E IL RITORNO? VI CHIEDERETE VOI

No? Non se lo chiede nessuno? E vabbè, chi se ne frega, io ve lo racconto lo stesso.
Al ritorno niente bizze con l’Alitalia, niente scioperi, niente agitazioni niente “problemi operativi”, e dunque si parte regolari. Quasi. Perché qualcuno ha pensato bene di imbarcare le valigie e poi sparire, per cui, constatato che i ripetuti appelli per l’imbarco immediato risultavano vani, alla fine, per ovvi motivi di sicurezza, non è rimasto che riaprire la stiva e andare alla ricerca dei bagagli dei latitanti per scaricarli, e così siamo partiti in ritardo. Poi però l’aereo ha corso come un matto e alla fine siamo atterrati puntuali. Dopo un’ora abbondante di attesa davanti al nastro che continuava a girare vuoto e desolato, io, un signore israeliano e un ragazzo americano siamo andati a uno sportello informazioni per chiedere come mai i bagagli non arrivassero; indirizzati al banco dell’Alitalia, l’operatrice, dopo una mezza dozzina di telefonate, ci ha gentilmente spiegato che non avevano ancora cominciato a scaricarli perché non c’erano carrelli da mandare sotto l’aereo: per tutti gli altri voli c’erano, ma per il nostro no.

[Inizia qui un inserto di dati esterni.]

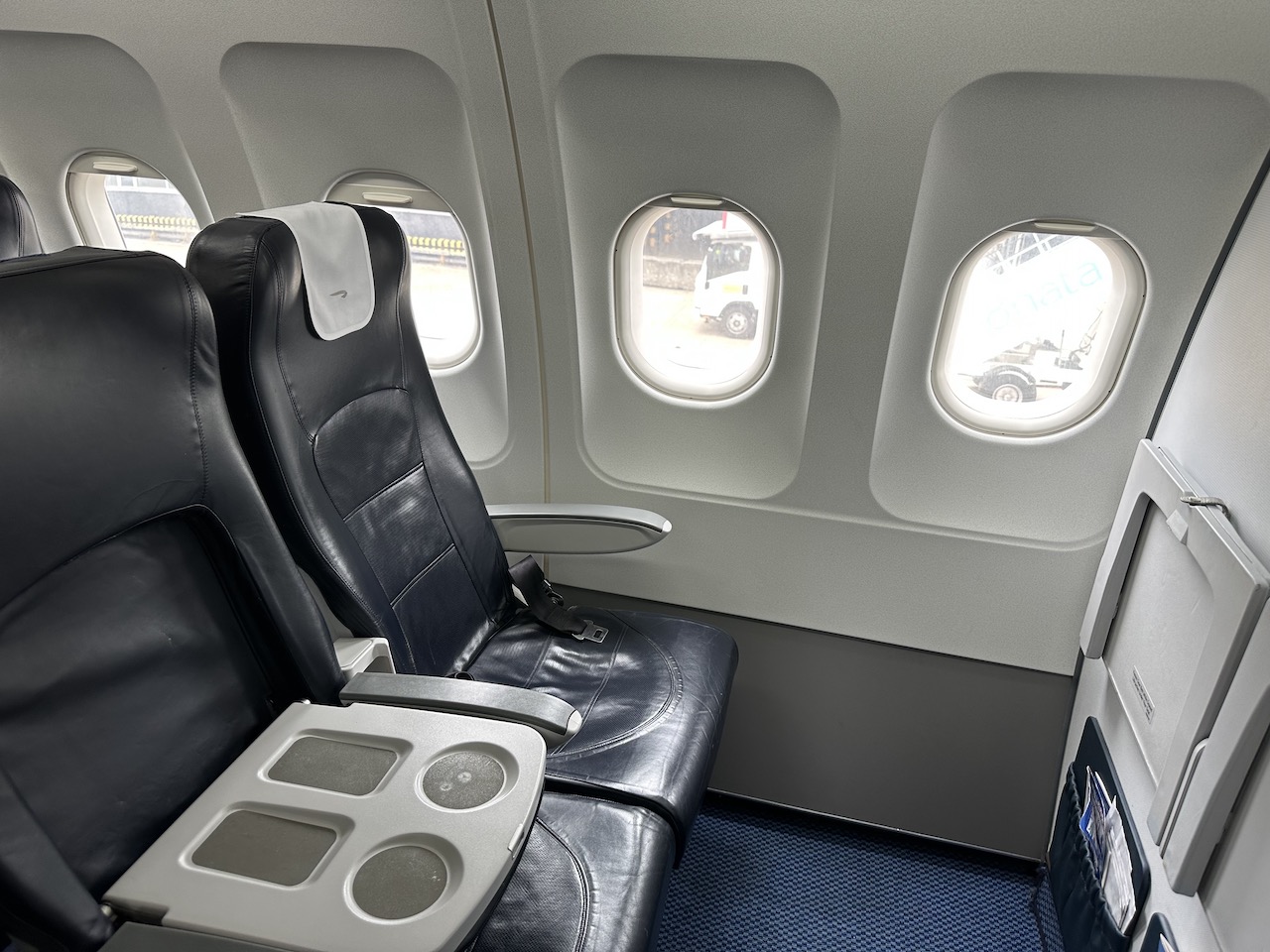 Auf dem Weg zum Gate ging es schnell durch die Passkontrolle, das Boarding startete überpünktlich und richtete sich zu Beginn an Gäste der Business Class, Familien mit Kindern und „Reisende, die mehr Zeit zum Einsteigen benötigen“. Heute waren nur 2 Passagiere in der Business Class, die Kabinenchefin begrüßte einen anderen Herren und mich mit dem Angebot den Sitzplatz nach eigenem Gusto zu wechseln.

Alla richiesta di quanto, prevedibilmente, ci fosse ancora da aspettare, ci è stato risposto che se di lì a mezz’ora non fossero ancora arrivati dovevamo tornare lì a segnalarlo. Vabbè, poi alla fine sono arrivati.

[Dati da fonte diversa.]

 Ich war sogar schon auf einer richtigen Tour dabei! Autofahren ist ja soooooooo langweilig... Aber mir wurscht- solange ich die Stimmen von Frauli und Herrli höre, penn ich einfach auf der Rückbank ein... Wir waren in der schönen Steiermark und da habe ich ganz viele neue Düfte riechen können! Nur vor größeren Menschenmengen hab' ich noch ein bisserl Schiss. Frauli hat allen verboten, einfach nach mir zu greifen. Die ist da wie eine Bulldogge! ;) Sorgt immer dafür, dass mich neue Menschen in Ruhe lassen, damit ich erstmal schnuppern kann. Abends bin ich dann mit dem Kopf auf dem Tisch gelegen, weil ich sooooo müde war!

Con l’aiuto della preziosa Giacomina vado a prendere il treno per Termini, che doveva arrivare alle 10.37, teoricamente in tempo per prendere l’eurostar delle 10.50. Solo che la porta a cui ero più vicina non si è aperta e tutti quelli che erano da quella parte sono dovuti tornare indietro attraversando tutta la carrozza, e trovandosi ovviamente in coda. Alla fine sono arrivata alla biglietteria alle 11.05, e altri venti minuti mi sono occorsi per arrivare a fare il biglietto. Che ho dovuto prendere di prima, perché la seconda era tutta occupata, mentre sul treno precedente, quello che avevo perso, non c’era più posto neanche in prima. Avrei potuto anche prendere un biglietto di seconda, mi ha spiegato l’impiegata, però senza garanzia di potermi sedere, e dato che ero sostanzialmente in piedi da ventotto ore, ho scelto di spendere venti euro in più e prendere la prima. Che, come si vedrà più avanti, è stata decisamente un’ottima scelta.

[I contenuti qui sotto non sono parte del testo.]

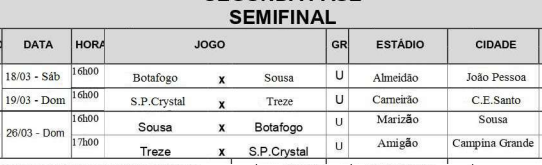 A Federação Paraibana de Futebol divulgou a tabela da fase semifinal do Campeonato Paraibano. Jogos de ida: Botafogo e Sousa jogam no sábado (18), no Almeidão, às 16h. São Paulo enfrenta o Treze, domingo (19), às 16h, no Carneirão.

Il treno sarebbe dovuto partire alle 12.50, ma è partito con mezz’ora di ritardo, che poi non ha recuperato e così a Bologna ho perso la coincidenza. Cosa piuttosto tragica, perché col treno successivo non avevo più treni per l’ultimo tratto del viaggio, il che mi costringeva a prendere un taxi, che mi sarebbe costato una fortuna. Ero sicura di avere ancora soldi a sufficienza, ma per ulteriore sicurezza ho voluto controllare. Ed è stato così che ho scoperto che mi avevano rubato il portafogli, che oltre ai soldi conteneva anche patente, carta d’identità, carta di credito, due bancomat, tessera e libretto sanitari, indirizzi, numeri di telefono ecc. ecc.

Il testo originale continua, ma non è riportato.